Department of Medicine, Division of Gastroenterology, Helsinki University Central Hospital, Helsinki, Finland.
J Crohns Colitis. 2011 Feb;5(1):41-7. doi: 10.1016/j.crohns.2010.09.008. Epub 2010 Oct 30.
Patients with inflammatory bowel diseases (IBD) show increased risk for other immune-mediated diseases such as arthritis, ankylosing spondylitis, and some pulmonary diseases. Less is known about the prevalence of other chronic diseases in IBD, and the impact of comorbidity on health-related quality of life (HRQoL).
The study population comprised 2831 IBD patients recruited from the National Health Insurance register and from a patient-association register. Study subjects completed generic 15D and disease-specific IBDQ questionnaires. The Social Insurance Institution of Finland provided data on other chronic diseases entitling patients to reimbursed medication.
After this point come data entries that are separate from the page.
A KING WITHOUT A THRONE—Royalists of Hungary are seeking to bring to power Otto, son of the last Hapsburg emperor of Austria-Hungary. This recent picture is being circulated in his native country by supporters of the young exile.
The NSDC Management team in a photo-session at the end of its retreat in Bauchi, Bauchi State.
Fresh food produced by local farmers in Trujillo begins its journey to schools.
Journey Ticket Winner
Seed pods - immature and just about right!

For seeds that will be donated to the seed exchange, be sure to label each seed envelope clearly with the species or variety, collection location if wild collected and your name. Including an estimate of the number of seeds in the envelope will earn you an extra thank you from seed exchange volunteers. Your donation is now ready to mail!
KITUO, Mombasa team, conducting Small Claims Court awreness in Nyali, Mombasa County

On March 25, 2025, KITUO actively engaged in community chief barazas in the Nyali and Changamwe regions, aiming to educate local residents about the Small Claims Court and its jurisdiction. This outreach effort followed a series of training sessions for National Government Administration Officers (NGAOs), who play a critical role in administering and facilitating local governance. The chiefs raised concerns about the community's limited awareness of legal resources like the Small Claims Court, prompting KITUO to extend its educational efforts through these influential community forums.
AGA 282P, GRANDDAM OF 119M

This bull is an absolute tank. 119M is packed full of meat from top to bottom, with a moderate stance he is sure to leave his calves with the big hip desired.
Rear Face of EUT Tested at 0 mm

For each study subject, two controls, matched for age, sex, and hospital district, were chosen.
A significant increase existed in prevalence of connective tissue diseases, pernicious anemia and asthma. Furthermore, coronary heart disease (CHD) occurred significantly more frequently in IBD patients than in their peers (p=0.004). The difference was, however, more clearly seen in females (p=0.014 versus 0.046 in males). Active and long-lasting IBD were risk factors. Concomitant other chronic diseases appeared to impair HRQoL. Asthma, hypertension and psychological disorders had an especially strong negative impact on HRQoL, as observed with both the generic and disease-specific HRQoL tools.
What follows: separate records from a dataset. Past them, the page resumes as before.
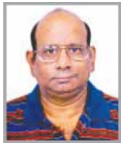
By Lakshman Sundar

International Airports are like the UN General Assembly. You come across many nationalities from many countries under one roof. The world's 20 busiest airports, as designated by Airports Council International, welcomed 1.5 billion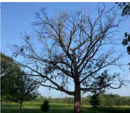
White oak, Friends Creek Campground

As a wildlife professional for a number of years, I have come to appreciate the enormity and the greatness of big oaks that can be found in the forests and savannas throughout Illinois. Many of these giants have been standing silently witnessing the changes in seasons, crop rotations, and man’s technology. Harvesting sunlight for energy their entire lives, the bigger and older oaks have consumed tons of carbon dioxide and drank pools of water while living as solar collectors on a grand landscape scale. This year the spring canopy of one such oak did not produce leaves the size of mice ears. The tree, a white oak ( Quercus alba ), likely grew for more than 150 years in Friends Creek Township, standing along Friends Creek Ditch, which feeds into Friends Creek. It kept its place just north of Duroc Road.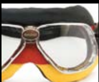
2103 GERMAN FLAG LEATHER Chrome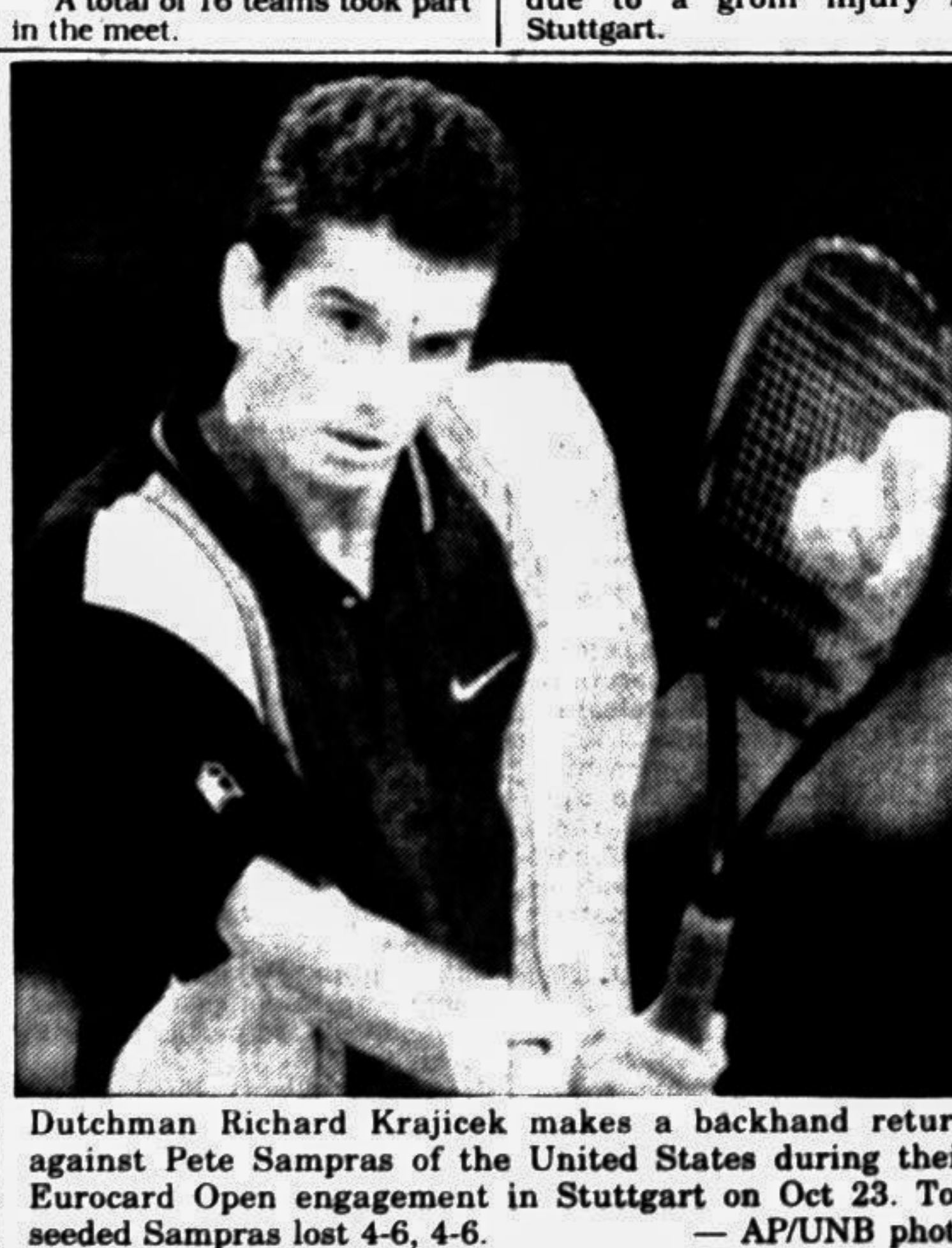
Dutchman Richard Krajicek makes a backhand return against Pete Sampras of the United States during their Eurocard Open engagement in Stuttgart on Oct 23. Top seeded Sampras lost 4-6, 4-6.

Khulna soccer KHULNA, Oct 24: Newsprint Mill clinched the VSA Cup football tournament, title defeating Ulka Club 1-0 in the final at the Khulna Stadium on Wednesday, reports UNB. Health Minister Salahuddin Yusuf witnessed the final and distributed awards. A total of 16 teams took part in the meet.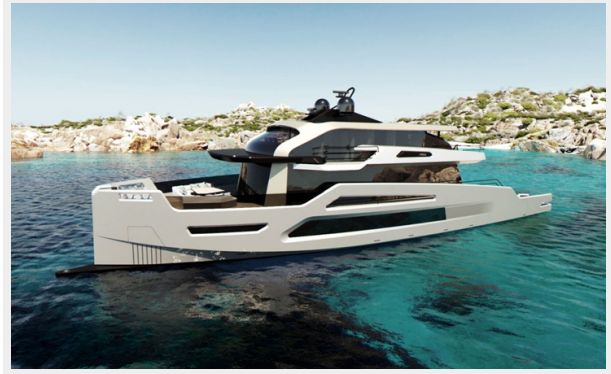
MAORI 125 YACHT FRO SALE - DELIVERY IN 2026 (2)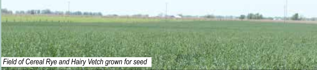
Field of Cereal Rye and Hairy Vetch grown for seed

Costs and benefits are highly variable from operation to operation. The information presented here is provided as an introduction to the economic variables associated with adding cover crops for seed production to a corn/soybean operation. For an operation-specific analysis refer to the For More Information section.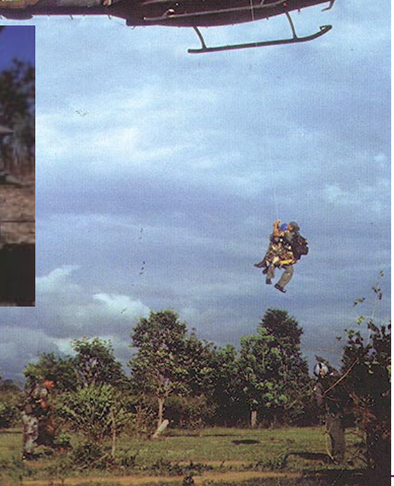
Comhat Camera Center (Andv. Di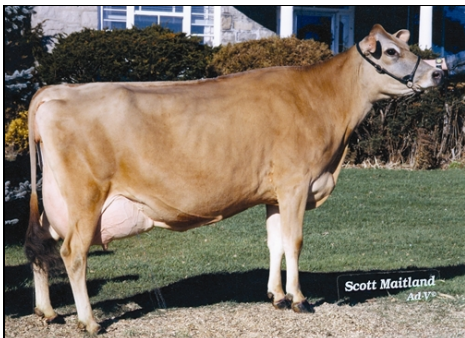
NORVAL ACRES LAD DARLENE THIRD DAM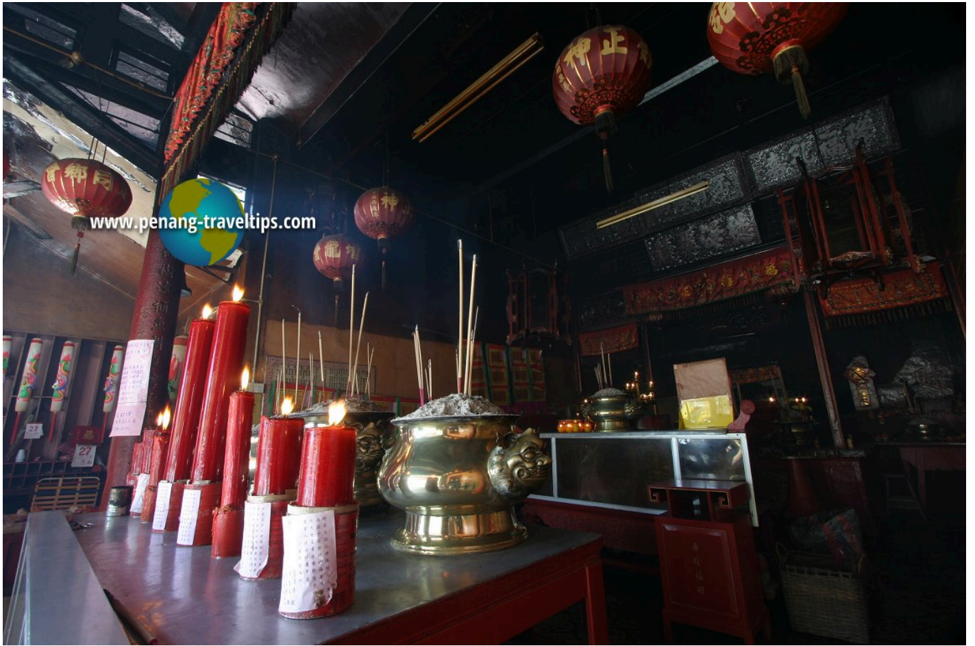
Prayer hall of the Tanjong Tokong Tua Pek Kong Temple (27 November 2005)

In addition to many immune-mediated diseases, CHD appeared to be more common in IBD than in control patients, especially in females. The reason is unknown, but chronic inflammation may predispose to atherosclerosis. This finding should encourage more efficacious management of underlying cardiovascular risk factors, and probably also inflammatory activity in IBD.
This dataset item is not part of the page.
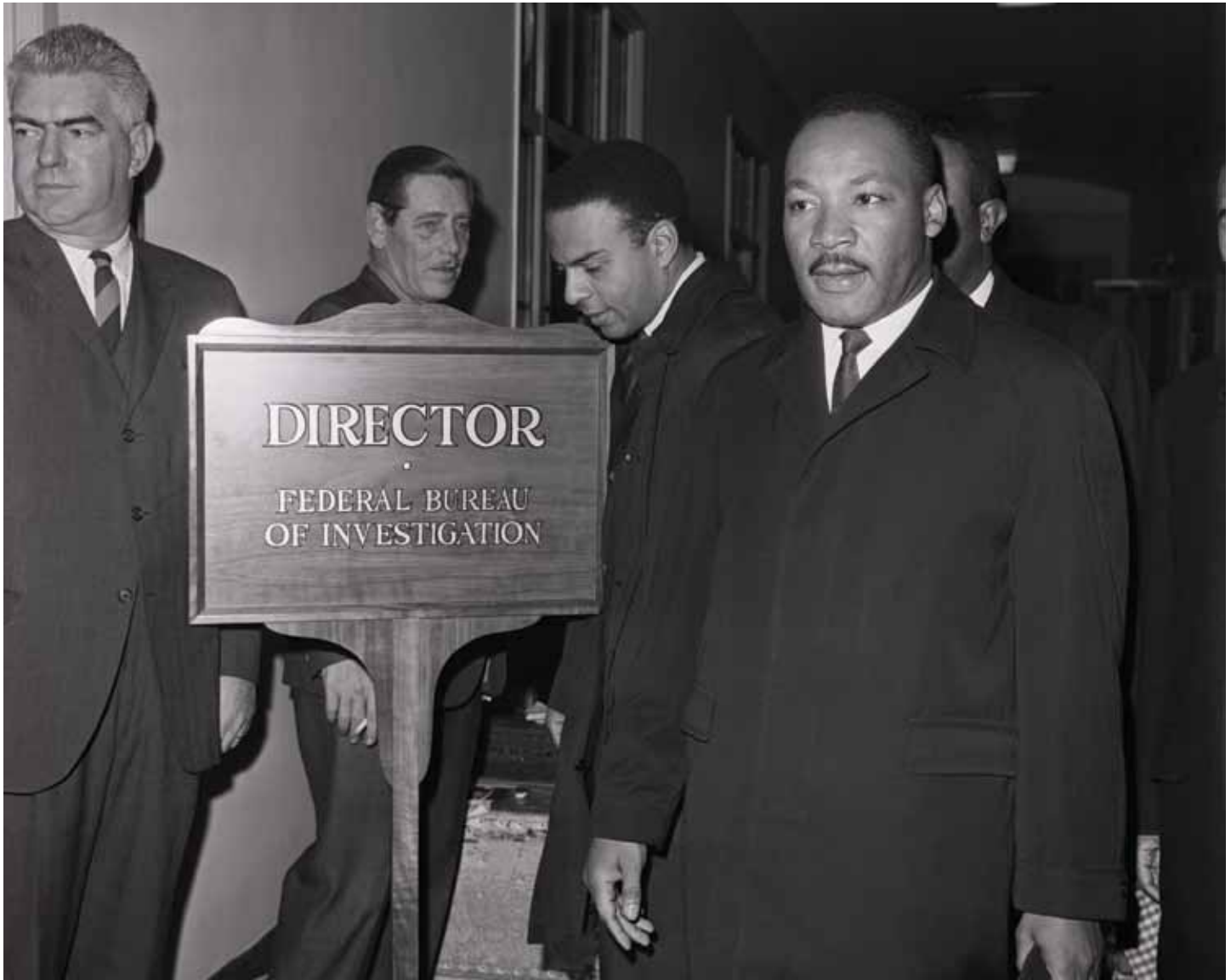
Martin Luther King arrives at the FBI to speak with J. Edgar Hoover on December 1, 1964. Their meeting was highly publicised, but evasive and dishonest on Hoover's part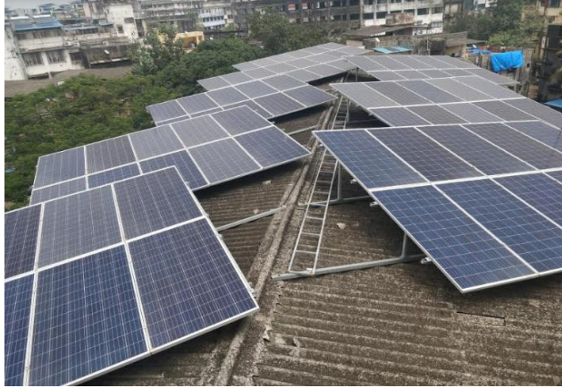
Gune Hospital, Panvel

炎症性肠病(IBD)患者发生关节炎、强直性脊柱炎和某些肺部疾病等其他免疫介导性疾病的风险增加。关于 IBD 患者中其他慢性疾病的患病率以及合并症对健康相关生活质量(HRQoL)的影响,了解较少。
研究人群包括从国家健康保险登记处和患者协会登记处招募的 2831 名 IBD 患者。研究对象完成了通用 15D 和疾病特异性 IBDQ 问卷。芬兰社会保险局提供了可报销药物的其他慢性疾病的数据。为每位研究对象选择了两名年龄、性别和医院病房相匹配的对照者。
结缔组织疾病、恶性贫血和哮喘的患病率显著增加。此外,与同龄人相比,IBD 患者的冠心病(CHD)发生率显著更高(p=0.004)。但是,这种差异在女性中更为明显(p=0.014 对男性中的 0.046)。活动性和持续性 IBD 是危险因素。同时存在其他慢性疾病似乎会损害 HRQoL。哮喘、高血压和心理障碍对 HRQoL 具有特别不利的影响,这两种工具均观察到了这一点。
除了许多免疫介导性疾病外,CHD 在 IBD 患者中似乎比在对照患者中更为常见,尤其是在女性中。原因尚不清楚,但慢性炎症可能易患动脉粥样硬化。这一发现应鼓励更有效地管理潜在的心血管危险因素,可能还包括 IBD 中的炎症活动。